An edge-triggered flip-flop is a component frequently employed in microelectronics for storing a binary value or “state”. This device is often formed by assembling two “latch” circuits together, which are referred to as master and slave. A latch circuit is a bistable structure composed of two inverters connected such that the output of the first inverter is fed back to its input via the second inverter. One of these inverters can be an inverter of the tri-state type.
The edge-triggered flip-flop has two distinct periods: a transparent period over a short time window around an edge of the clock signal; and an opaque or storage period lasting for the remainder of the time of the period, and in which the output of the flip-flop delivers the last information to pass through it during its preceding transparent state.
In the case of a flip-flop triggered on a rising edge, the first latch circuit is transparent when the clock signal is in the low state and opaque when the clock signal is in the high state. The second latch circuit is transparent when the clock signal is in the high state and opaque when the clock signal is in the low state.
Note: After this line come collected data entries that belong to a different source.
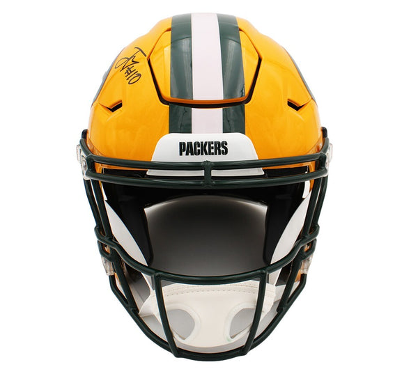 A Green Bay Packers Speed Flex Authentic NFL Helmet hand signed by Jordan Love. The item and signature are in excellent condition. Jordan is a football quarterback for the Green Bay Packers drafted in the 2020 NFL Draft. AUTHENTICATION: Your item is tagged with a SmarTag Powered by Prova Technology, which gives you digital access to your items authentication records, including a proof picture from the signing.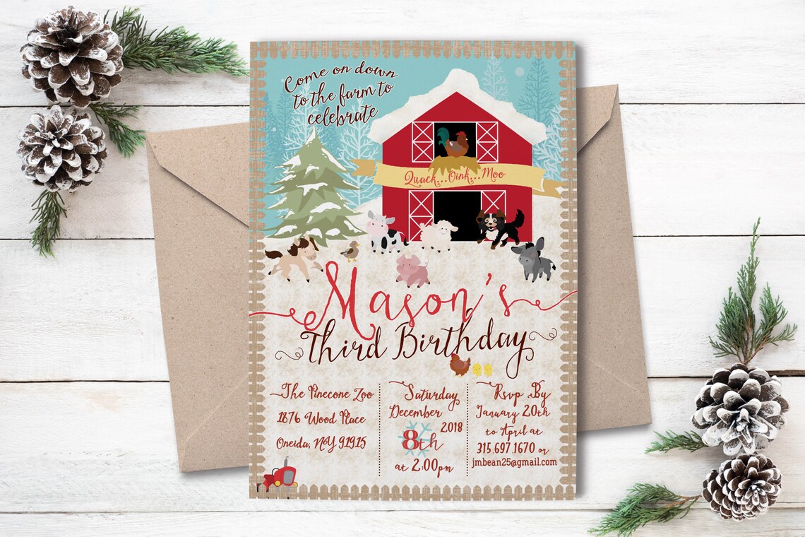 Winter Barnyard Birthday Invitation // Farm Animals Invitation | Etsy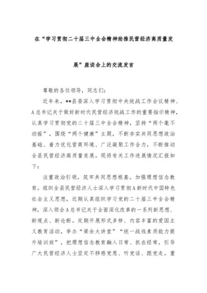 【七哥公文】2024年:在“学习贯彻二十届三中全会精神助推民营经济高质量发展”座谈会上的交流发言+更多免费公文+VX:QiGeGongWen2024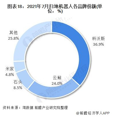 据前瞻产业研究院的《2022年中国扫地机器人行业全景图谱》,截至2021年7月,科沃斯、云鲸、石头、米家四大品牌的扫地机器人合计占有了约75%的市场。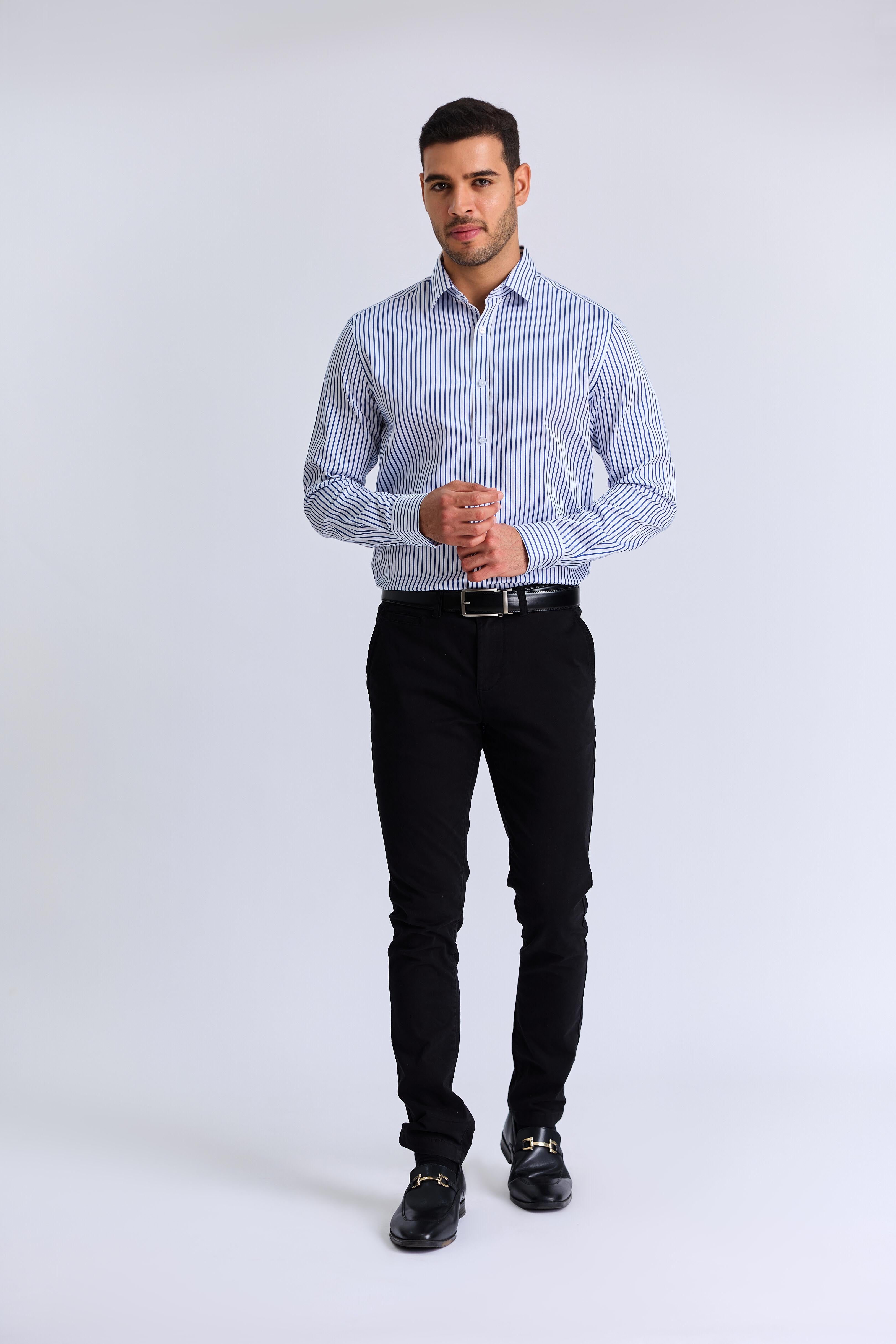This formal slim-fit shirt delivers a refined balance of sophistication and everyday versatility. Tailored from a lightweight woven fabric with a smooth, breathable texture, it offers a polished appearance that transitions seamlessly from office meetings to evening occasions. The shirt features a structured collar, and clean cuffs that enhance its crisp silhouette. Designed for a modern fit that contours naturally to the body, it ensures all-day comfort and effortless elegance when paired with formal trousers or chinos.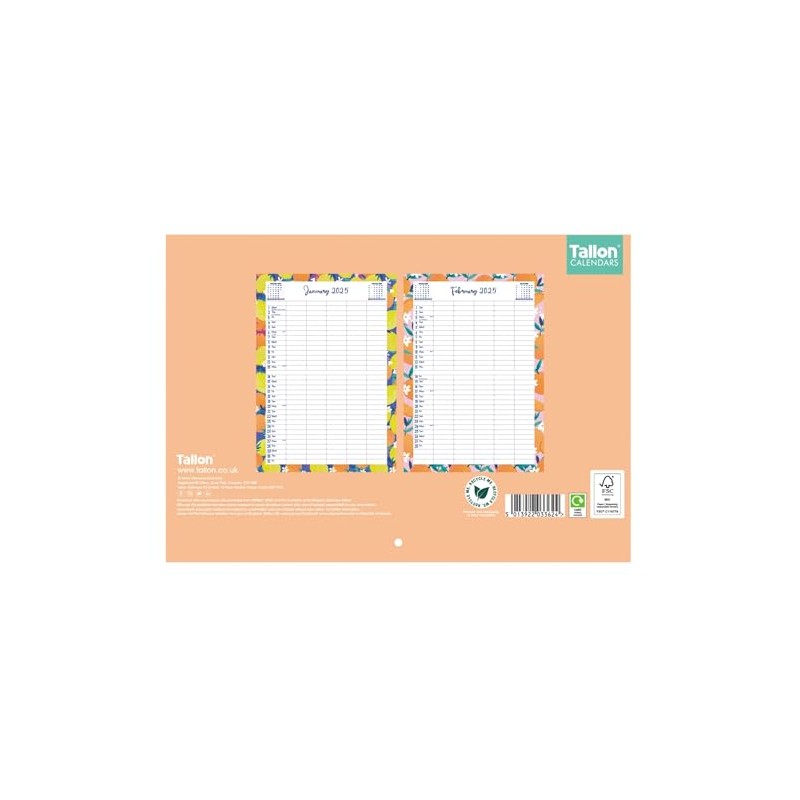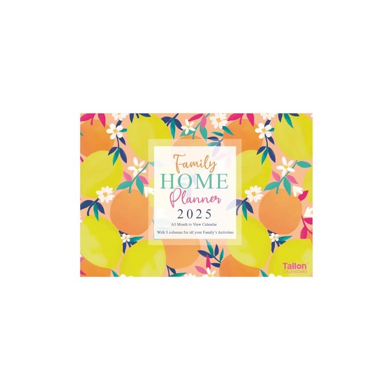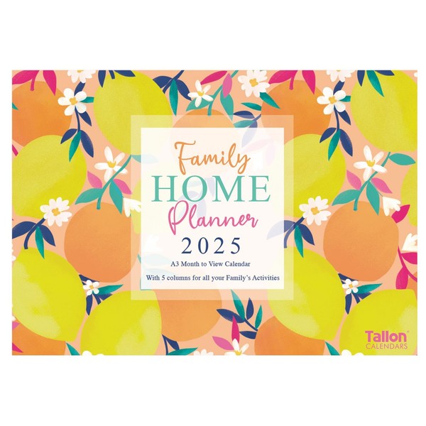 2025 Family Home Planner Oranges & Lemons Design A3 Month to View Calendar 5 Columns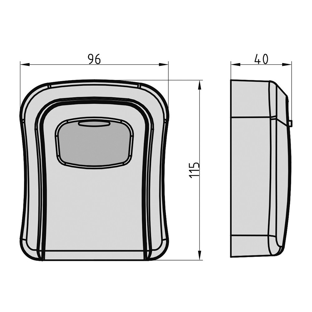 • masszív kulcstároló széf • beltéri és kültéri használatra • erős alumínium öntvény test • masszív lefelé nyíló ajtó • krómozott 4 tárcsás számzár • 10.000 elméleti kódvariáció • elcsúsztatható zártakaró fedél • falra szerelhető (rögzítő furatok hátrafelé) • legfeljebb 9 cm hosszú kulcsokhoz • rögzítő csavarokkal áruljuk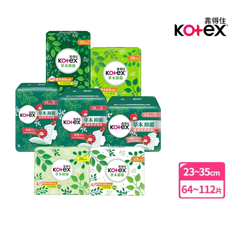 Kotex靠得住 草本抑菌超薄衛生棉日用23cm/26cm/28cm/35cm 8包 及草本抑菌EX加強版23cm/28cm 7包

Thus, the resulting flip-flop is transparent during the rising edge of the clock signal.
The two latch circuits, master and slave, are connected in series via a switch. The switch can be conventionally formed in two ways: an inverter of the tri-state type composed of four transistors in series, two p-MOS transistors and two n-MOS transistors; or a switch of the pass-gate type composed of two transistors in parallel, one p-MOS transistor and one n-MOS transistor.
An edge-triggered flip-flop also comprises two feedback loops, where the outputs of the master and slave inverters are fed back to their respective inputs, and two power supplies, one main power supply being discontinuous and the other continuous. The feedback loops allow the states to be stored during a first mode, or active mode, in other words when the inverters are powered. In addition, the flip-flop comprises a retention means that allows the state of the flip-flop input data to be stored in an “inactive” mode, in other words when the main power supply is interrupted.
A first example of this type of flip-flop is the MTCMOS circuit described in the article “MTCMOS with outer feedback flip-flops,” IEEE 2003 (Mircea R. Stan et al.).
A second example relates to flip-flops known as “balloon storage loop flip-flops” described in the article “A 1V high-speed MTCMOS circuit scheme for power-down application circuits,” IEEE Journal of Solid State Circuits, Vol. 32, No. 6, June 1997 (Satoshi Shigematsu).
These existing devices are based on either the duplication of a latch circuit within the flip-flop, or the re-use of certain transistors in the flip-flop that are associated with switches, so as to construct an externally coupled inverter capable of storing the state. These devices require a large number of components and hence are relatively costly to produce.